[Stored records]

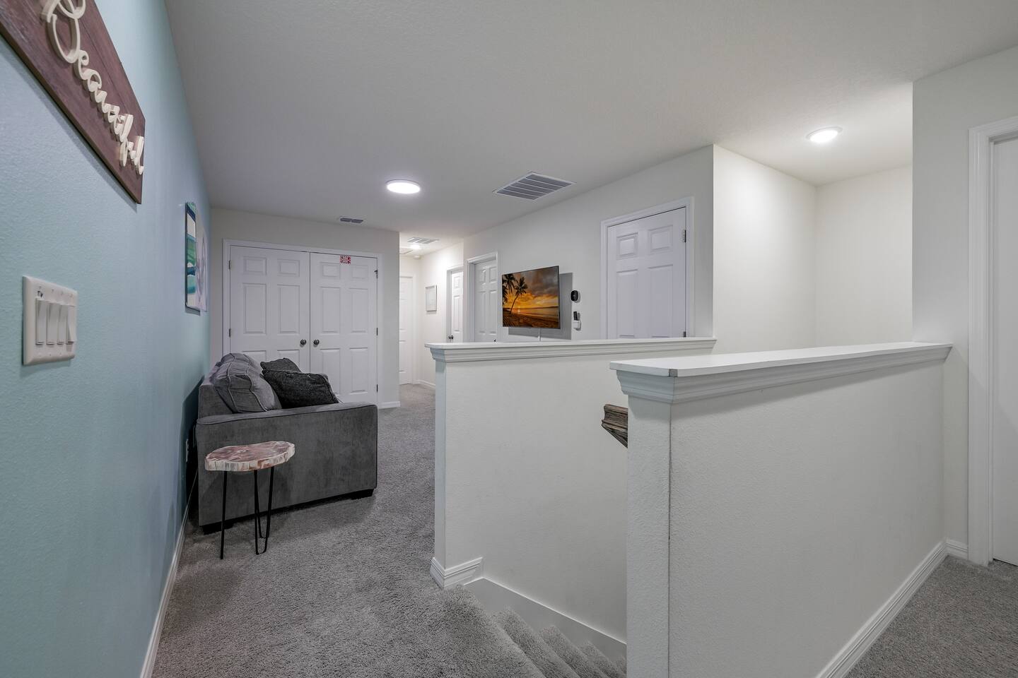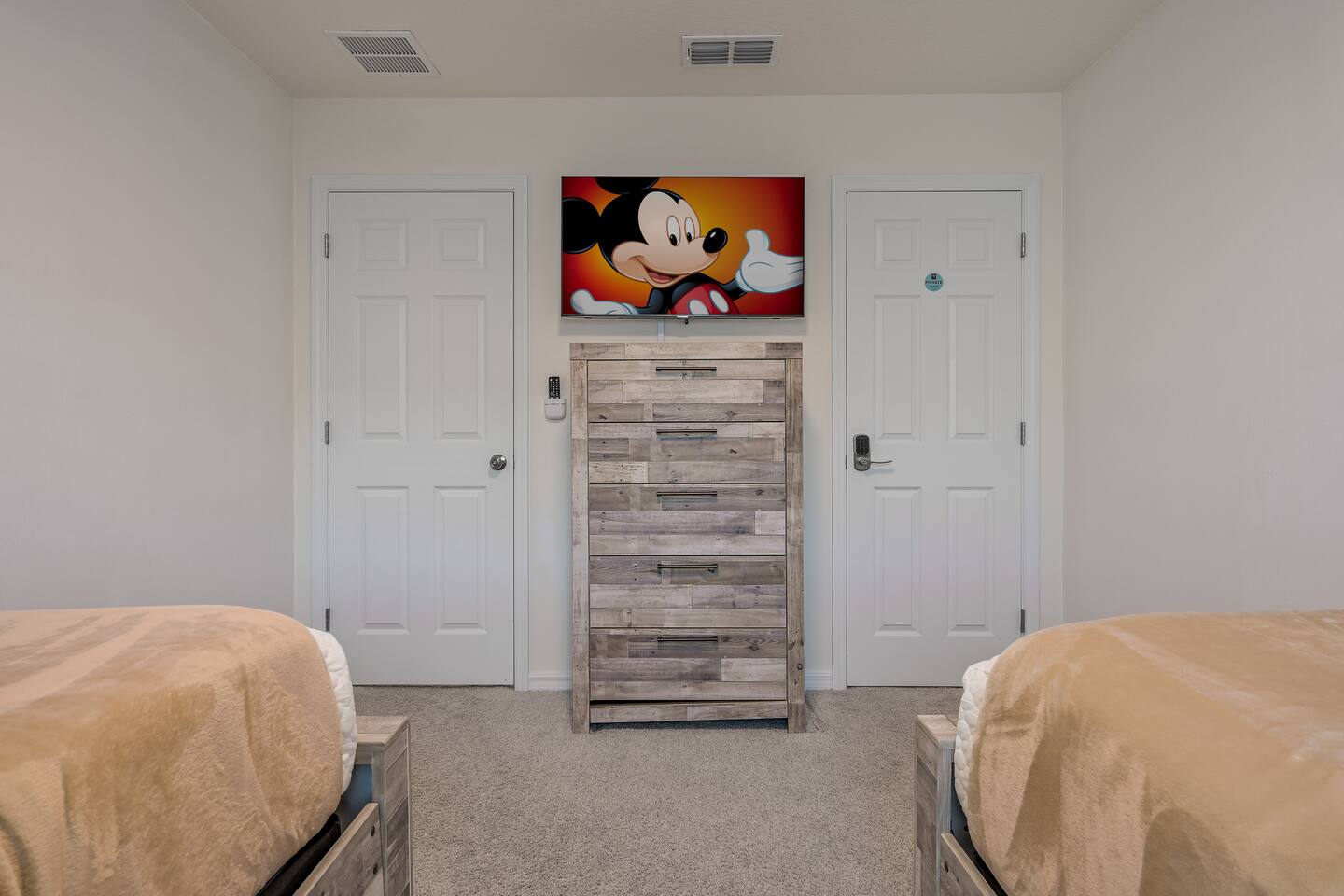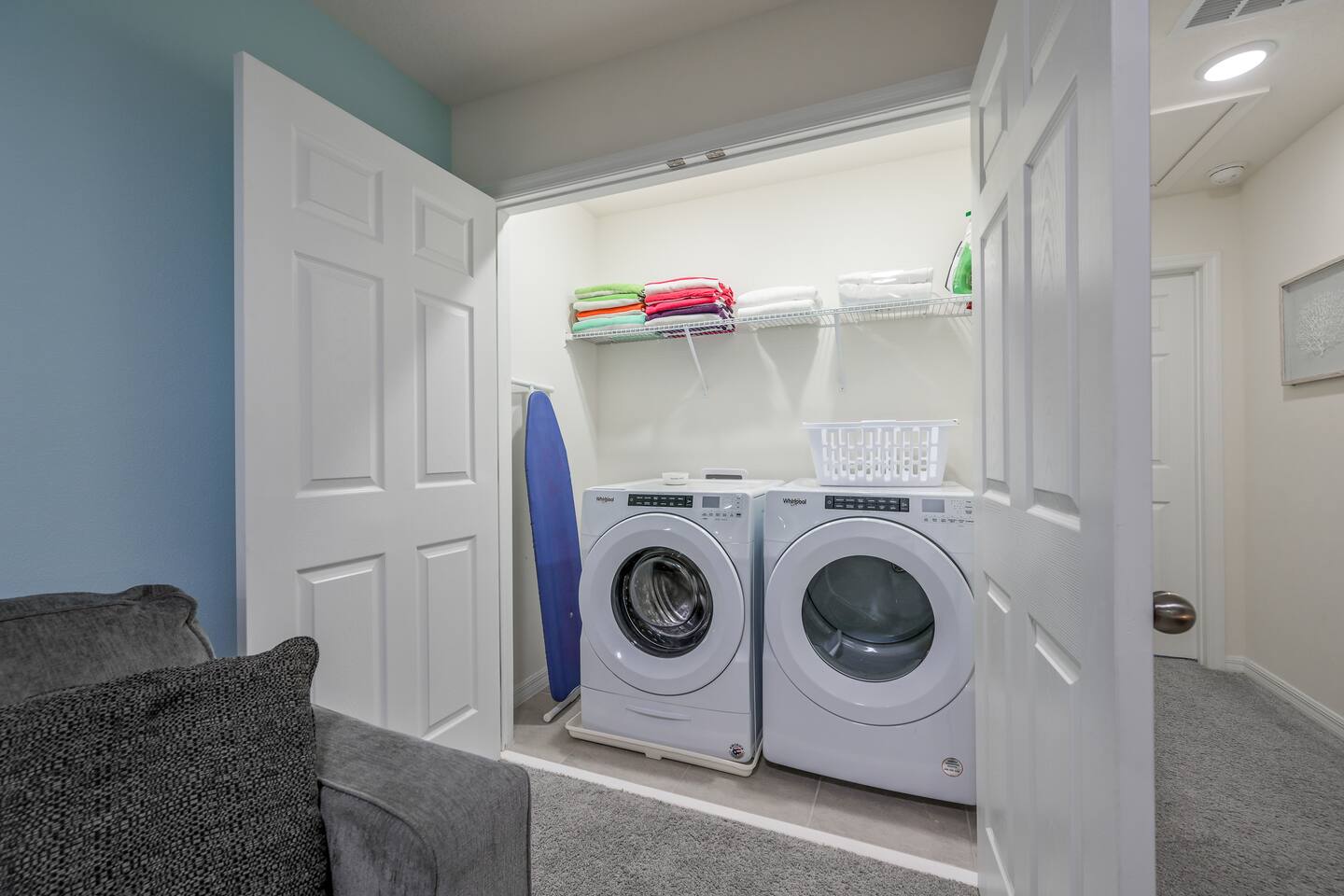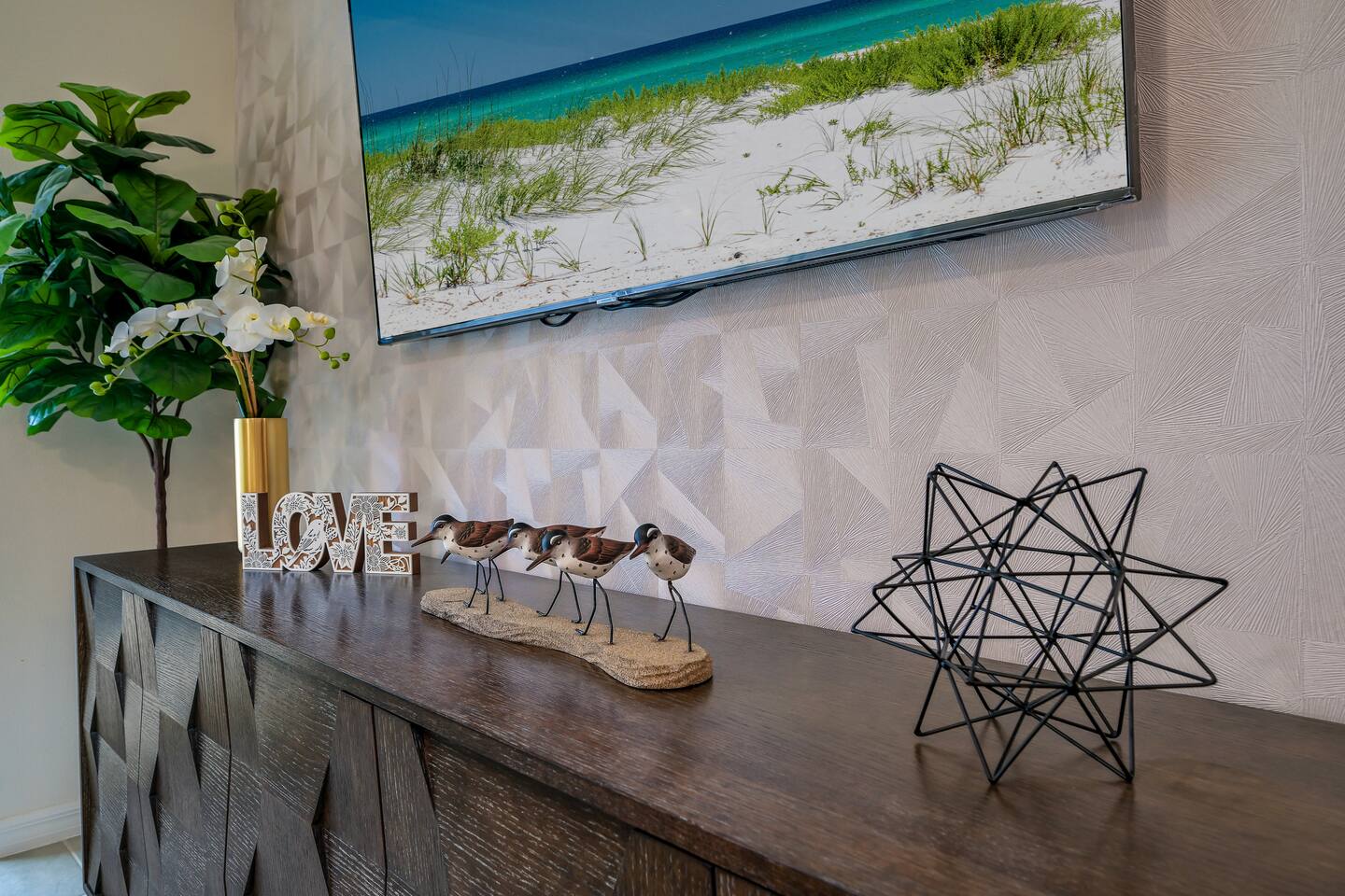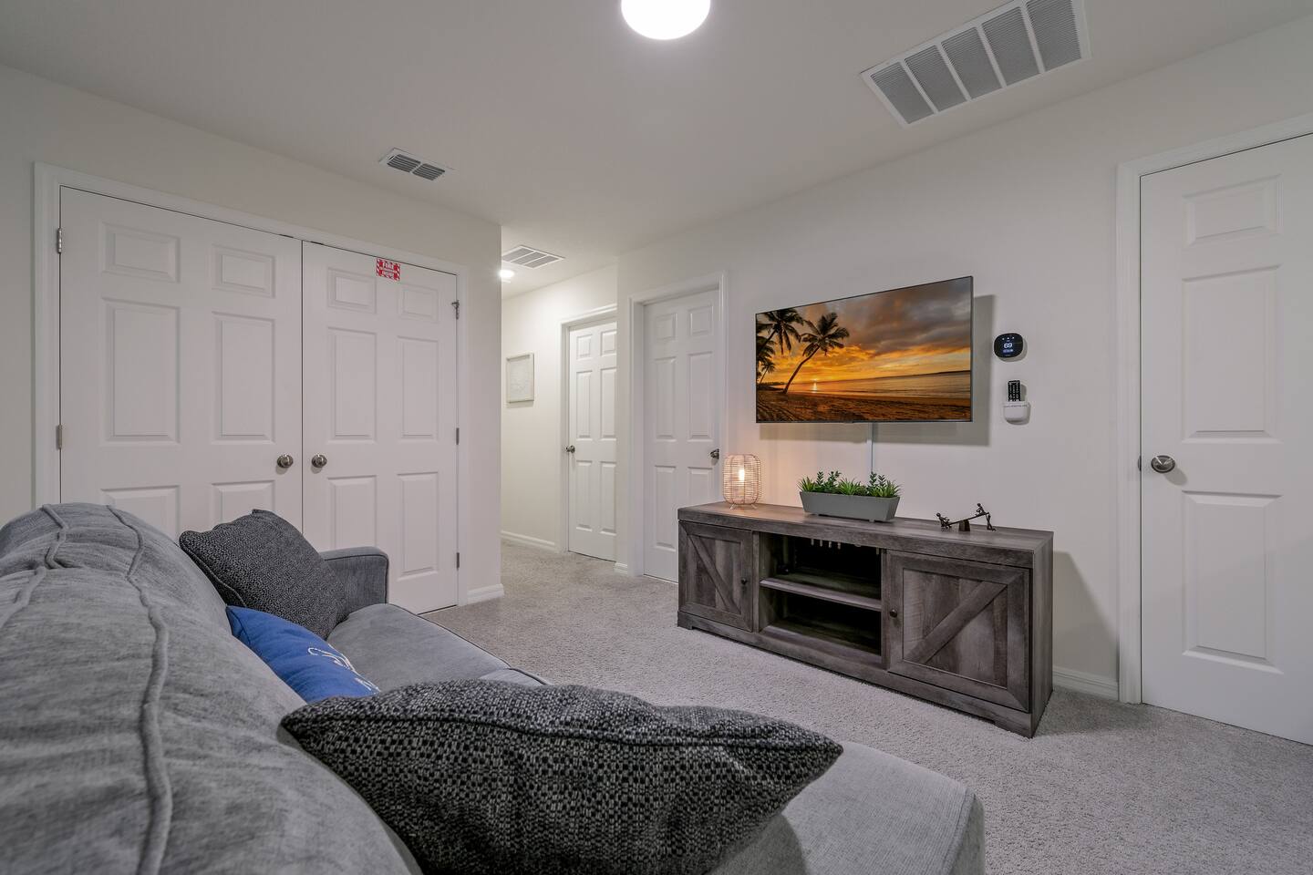 No details were spared on this gorgeous home with 3 full ensuites, open concept floor plan, elegant furnishings, and luxurious appointments. This Solara Resort townhome is the private home gem you were looking for! Solara Resort is a top rated gated resort community at the center of all of Orlando and Kissimmee’s exciting attractions. Located just a short 10 min drive from the gats of Walt Disney World, this stunning resort offers everything from a luxury clubhouse to expansive water complex and sports activities, so parks are optional! As a guest of Solara Resort, you can enjoy free, unlimited access to all resort amenities, including: -Heated Grand Pool -FlowRider Wave/Surf Simulator (Fee Required) -Poolside Cabanas -Pool Bar -Fitness Center -Outdoor Fitness Lawn -Sand Volleyball Court -Soccer Field -Full-sized Basketball Court -Indoor and Outdoor Lounges -Workstations -Tween/teen Hangout Center -Children’s Playground -Ice Cream Parlor -Bar and Grill -And more! THE HOME: The kitchen features every gadget to please every cook, from the fast-food connoisseur to the accomplished Home Chef. The large spaces and enormous island offer an array of appliances, custom cabinetry, and lots of seating options.Beautiful artwork and modern decor accents complete the look and feel of the elegant, yet comfortable spaces. All bedroom and living spaces feature their very own smart TVs, so gather 'round for a flick or game nights. THE ROOMS: The Master Bedroom features a king size bed with quality mattress and linens, an elegant headboard, and additional cozy seating that is ideal for curling up with a good book. The private master Bath boasts dual sinks and spacious countertops and shower Second Master ensuite features a Queen Size bed and super cool. tropical decor and a full bathroom with shower/tub combination The Third Master ensuite offers yet another Queen size bed with a beautiful blue accent wall, and walk-in shower in its very now bathroom Bedroom #4 also offers a Queen size bed with a shiplap headboard and beautiful colors for a restful night after the parks Bedroom #5 is a super fun themed room with two twin sized beds, wall-mounted television, large dresser and is located right next to the upstairs second living area, with a double sofa-bed (in case you want room to spread out), it's own TV and a detached bathroom, serving the living area and kid's themed room. Washer and dryer is located right inside the home and is free to sue-we even provide a starter pack with laundry pods!! Now-Step outside onto your very own private screened-in lanai for private fun it the home's very own Splash Pool or for lounging, dining out or grilling on the free BBQ. You may choose to heat the private pool for only $35 per night-recommended from November to April-please request immediately after booking and must have the heat turned on for the duration of the stay. Don't wait-this is a new listing from a highly experienced host and we would love to host you!
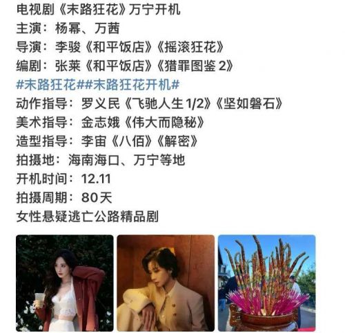 休完假,杨幂立刻飞去海南进组,与万茜合作新剧《末路狂花》。
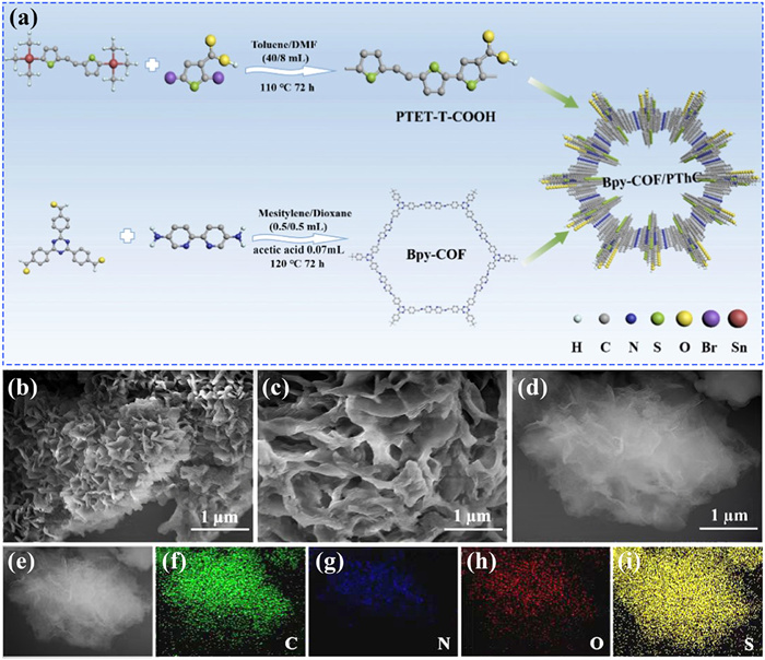 • Figure 1  (a) Synthesis process of Bpy-COF/PThC heterojunction. Scanning electron microscopy (SEM) images of (b) Bpy-COF, (c) PThC and (d) 30% Bpy-COF/PThC. (e-i) Mapping images of 30% Bpy-COF/PThC.
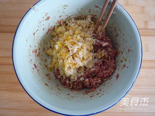 5. 切好的酸菜轻轻攥一下,挤去水分(不要太干)放入肉馅中搅拌均匀成馅料备用。
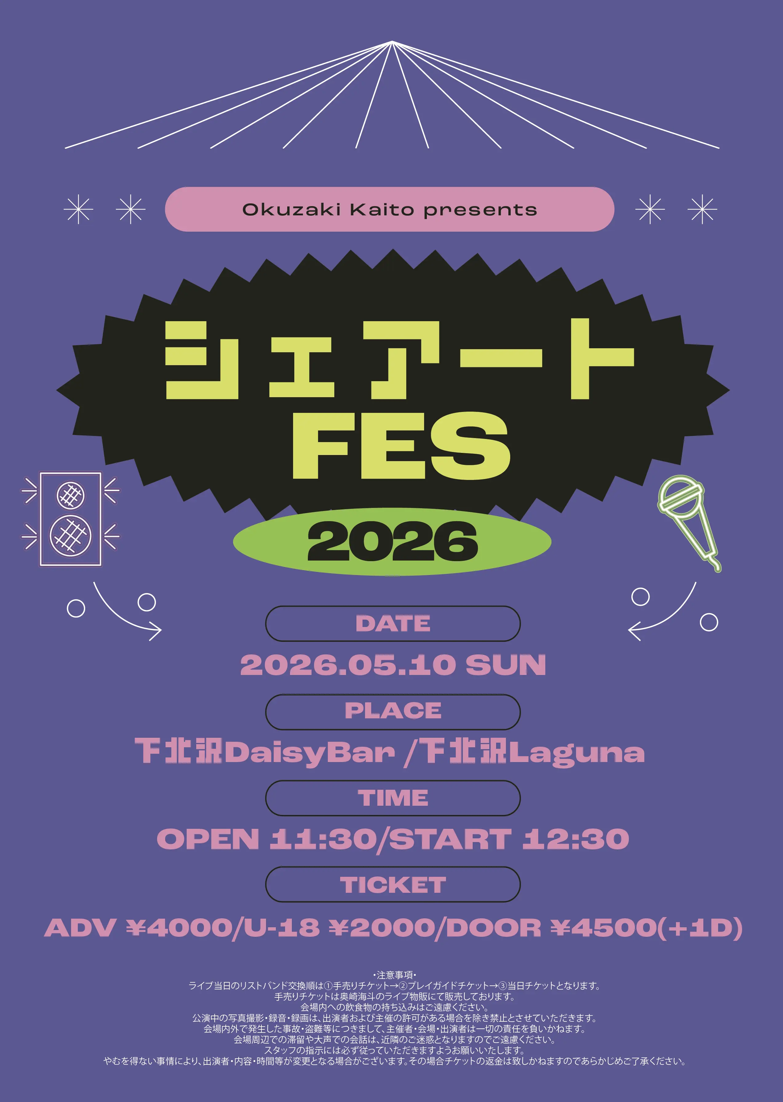 DaisyBar/Laguna 往来自由 奥崎海斗 presents「シェアートFES 2026」
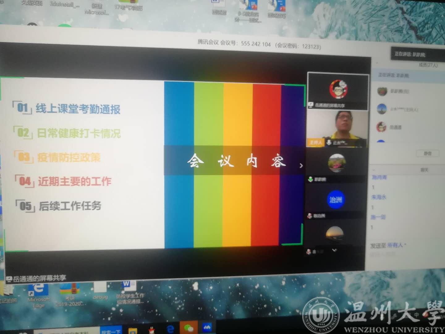 为进一步做好新冠肺炎疫情防控工作,维护开学前后学生身体健康及学校安全,4月17日晚19:00,欧美无码 通过腾讯会议APP召开本学期“期中班主任工作网络主题会议”,此次会议由院党委副书记曾蓓蕾主持,学院全体辅导员、各年级班主任参加了此次会议。
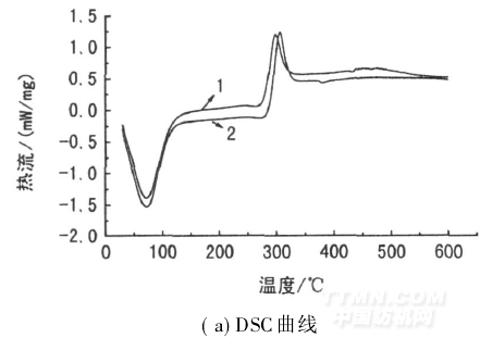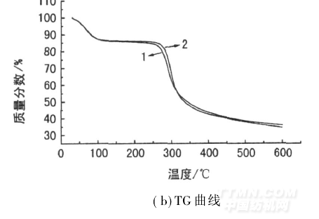 從圖4可看出,在相同條件下,未改性殼聚糖纖維的熱失重從112. 7℃就已開始, 264. 1℃已產生明顯的熱分解,當溫度升到300℃左右,質量損失急速增加,質量損失率約為49. 98%; 237. 1~458. 1℃為主要的裂解階段—殼聚糖纖維鏈裂解反應。與此相比,改性纖維的熱失重從118. 3℃開始, 286. 8℃迅速下降。286. 8~451. 1℃為主要的裂解階段,質量損失增加最大,此階段質量損失率約為48. 2%。比較圖4(a)和(b)可知,未改性殼聚糖纖維的初始失重溫度和最大熱失重速率溫度均比改性纖維要低,表明改性纖維的熱降解滯后于未改性殼聚糖纖維。這是因為硅偶聯劑、納米SiO2與殼聚糖纖維之間交聯網絡阻止了殼聚糖分子鏈的運動,要使殼聚糖纖維分子鏈在加熱過程中斷裂則需要較高的溫度。這也說明殼聚糖纖維聚合物鏈對SiO2納米顆粒的包覆作用主要是通過共價鍵,而不是氫鍵。正是由于這種包覆作用,改性纖維的熱穩定性較未改性殼聚糖纖維有較明顯提高。

## YOUR ASSIGNMENT
Copy the lines exactly. Start at the line with "DaisyBar/Laguna 往来自由 奥崎海斗", end at the last line above, include both, and omit all pictures.

## RESPONSE AREA
 DaisyBar/Laguna 往来自由 奥崎海斗 presents「シェアートFES 2026」
 为进一步做好新冠肺炎疫情防控工作,维护开学前后学生身体健康及学校安全,4月17日晚19:00,欧美无码 通过腾讯会议APP召开本学期“期中班主任工作网络主题会议”,此次会议由院党委副书记曾蓓蕾主持,学院全体辅导员、各年级班主任参加了此次会议。
 從圖4可看出,在相同條件下,未改性殼聚糖纖維的熱失重從112. 7℃就已開始, 264. 1℃已產生明顯的熱分解,當溫度升到300℃左右,質量損失急速增加,質量損失率約為49. 98%; 237. 1~458. 1℃為主要的裂解階段—殼聚糖纖維鏈裂解反應。與此相比,改性纖維的熱失重從118. 3℃開始, 286. 8℃迅速下降。286. 8~451. 1℃為主要的裂解階段,質量損失增加最大,此階段質量損失率約為48. 2%。比較圖4(a)和(b)可知,未改性殼聚糖纖維的初始失重溫度和最大熱失重速率溫度均比改性纖維要低,表明改性纖維的熱降解滯后于未改性殼聚糖纖維。這是因為硅偶聯劑、納米SiO2與殼聚糖纖維之間交聯網絡阻止了殼聚糖分子鏈的運動,要使殼聚糖纖維分子鏈在加熱過程中斷裂則需要較高的溫度。這也說明殼聚糖纖維聚合物鏈對SiO2納米顆粒的包覆作用主要是通過共價鍵,而不是氫鍵。正是由于這種包覆作用,改性纖維的熱穩定性較未改性殼聚糖纖維有較明顯提高。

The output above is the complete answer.